Table 48.6 lists the applicable method-options for each of these methods.

Table 48.6: Applicable SELECTION= Options by Method

Option

FORWARD

BACKWARD

STEPWISE

LAR

LASSO

ELASTICNET

STOP=

x

x

x

x

x

x

CHOOSE=

x

x

x

x

x

x

STEPS=

x

x

x

x

x

x

MAXSTEP=

x

x

x

x

x

x

SELECT=

x

x

x

     

INCLUDE=

x

x

x

     

SLENTRY=

x

 

x

x

x

x

SLSTAY=

 

x

x

 

x

x

DROP=

   

x

     

ADAPTIVE

       

x

 

LSCOEFFS

     

x

x

 

L1=

       

x

x

L1CHOICE=

       

x

x

L2=

         

x

L2STEPS=

         

x

L2LOW=

         

x

L2HIGH=

         

x

L2SEARCH=

         

x

ENSCALE

         

x

SCREEN=

       

x

x


The syntax of the method-options follows. Note that, as described in Table 48.6, not all selection method-options are available for every SELECTION= method.

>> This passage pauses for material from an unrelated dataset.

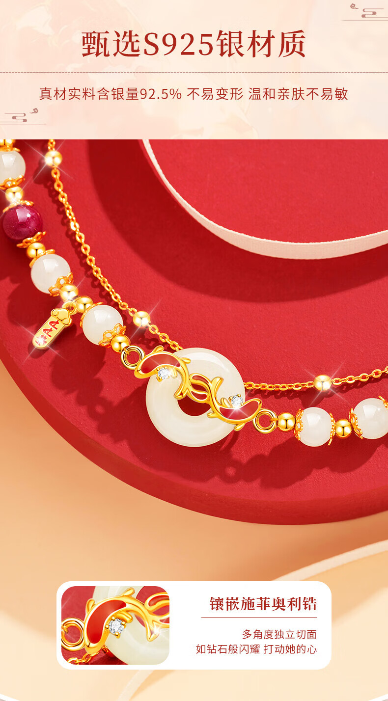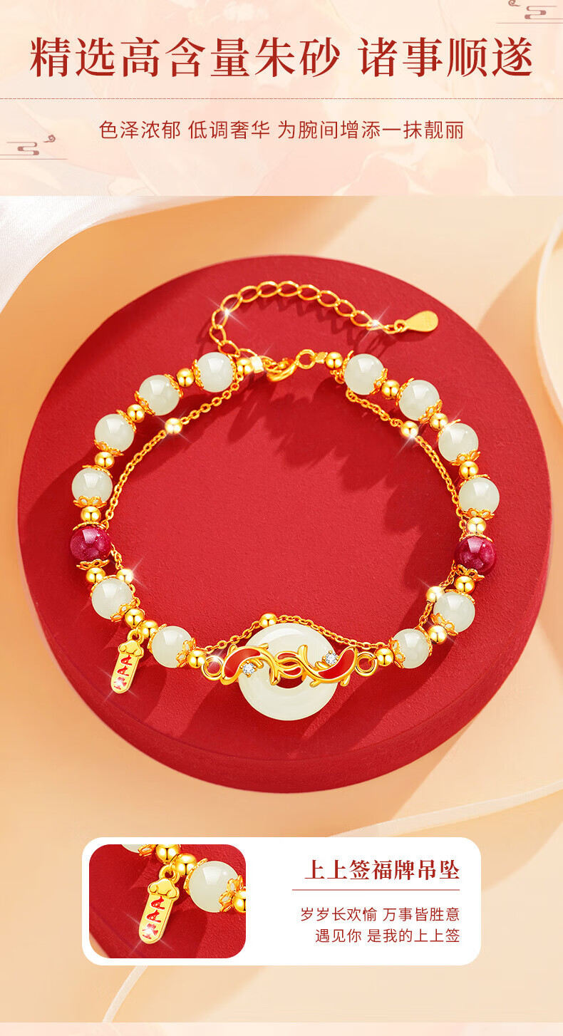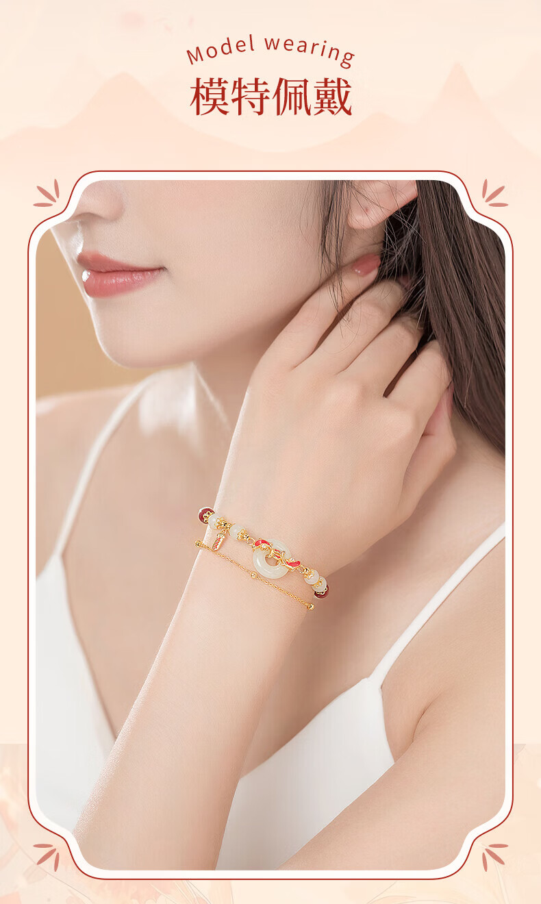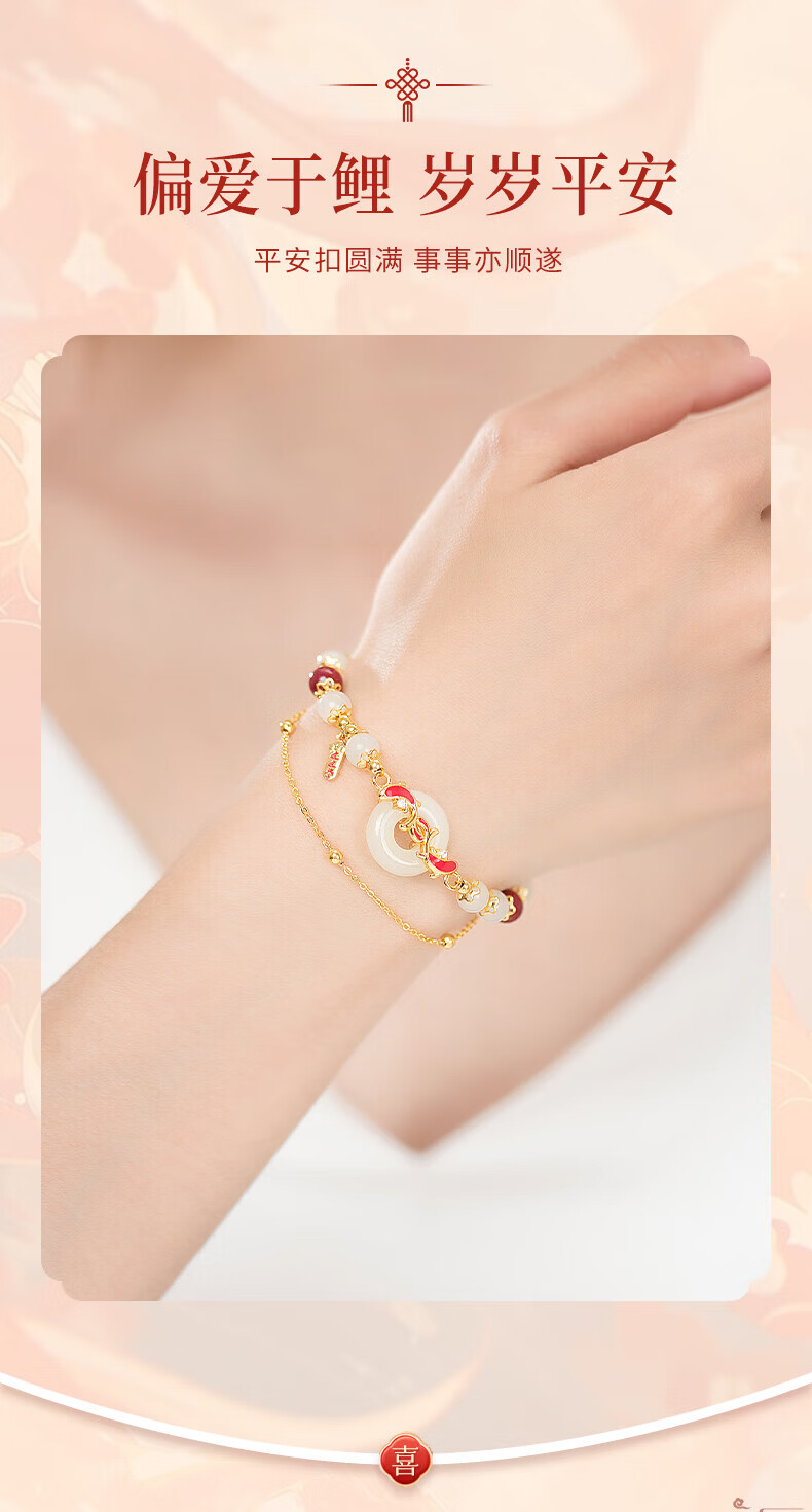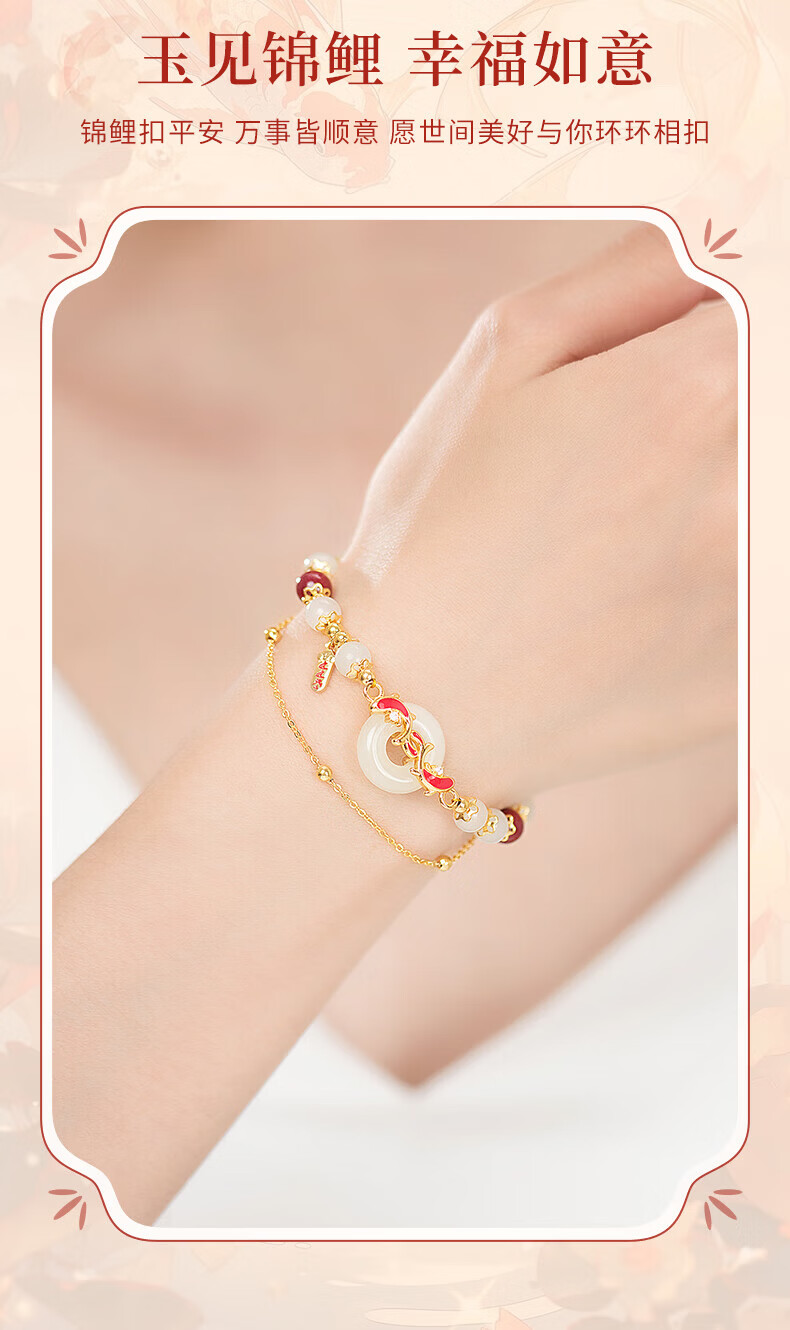 洛希曼和田玉手链女锦鲤平安扣手串生日礼物送女朋友老婆【免费刻字】 豪华礼盒+锦鲤平安扣手链
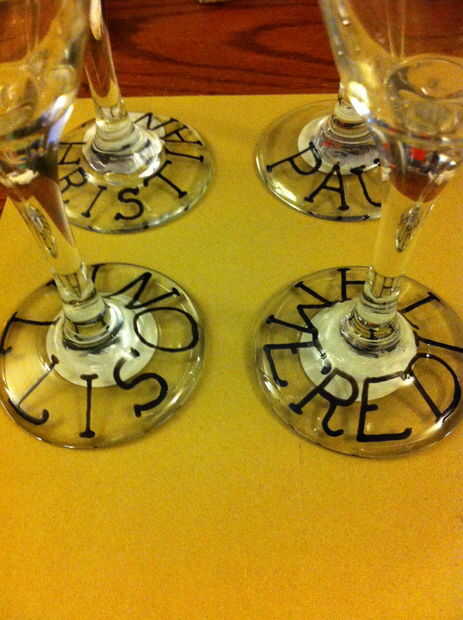 Dividir el presupuesto a la mitad. Escriba la primera mitad de la cita en la parte trasera de una nota pegajosa lo que gustaría ver en la primera flauta y pegarlo en el interior de una flauta por lo que se pueden trazar las letras sobre el cristal. Hacer lo mismo con la segunda mitad de la cita y dejar que las flautas de aire seco.

ADAPTIVE <(<GAMMA=nonnegative number> <INEST=SAS-data-set> )>

requests that adaptive weights be applied to each of the coefficients in the LASSO method. You use the optional INEST= option to name the SAS data set that contains estimates that are used to form the adaptive weights for all the parameters in the model. If you do not specify an INEST= data set, then ordinary least squares estimates of the parameters in the model are used in forming the adaptive weights. You use the GAMMA= option to specify the power transformation that is applied to the parameters in forming the adaptive weights. By default, GAMMA=1.

CHOOSE=criterion

specifies the criterion for choosing the model. The specified criterion is evaluated at each step of the selection process, and the model that yields the best value of the criterion is chosen. If the optimal value of the criterion occurs for models at more than one step, then the model that has the smallest number of parameters is chosen. If you do not specify the CHOOSE= option, then the model at the final step in the selection process is selected.

The criteria that you can specify in the CHOOSE= option are shown in Table 48.7. For more information about these criteria, see the section Criteria Used in Model Selection Methods.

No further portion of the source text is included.